Exercise brief >>
Everything below from the line with "Полковник Валерий Пегасов" through the line with "Krásne kvetované šaty" must be retyped exactly, except the pictures.

Data >>
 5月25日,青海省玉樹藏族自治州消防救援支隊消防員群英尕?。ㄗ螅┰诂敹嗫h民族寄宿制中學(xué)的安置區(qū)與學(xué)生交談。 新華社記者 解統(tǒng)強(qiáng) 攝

--

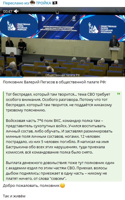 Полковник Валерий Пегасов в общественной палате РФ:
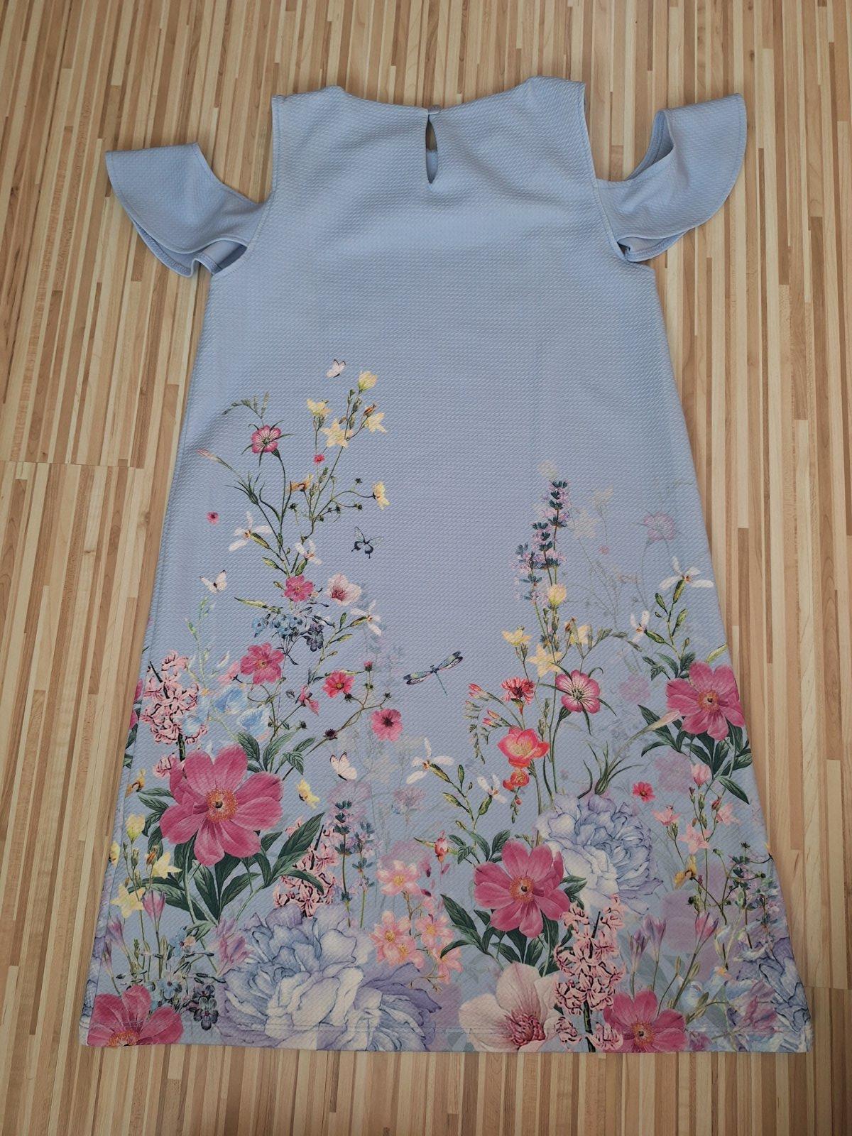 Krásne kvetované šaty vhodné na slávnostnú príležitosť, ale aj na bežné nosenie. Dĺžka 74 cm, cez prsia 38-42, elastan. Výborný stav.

Answer box >>
 Полковник Валерий Пегасов в общественной палате РФ:
 Krásne kvetované šaty vhodné na slávnostnú príležitosť, ale aj na bežné nosenie. Dĺžka 74 cm, cez prsia 38-42, elastan. Výborný stav.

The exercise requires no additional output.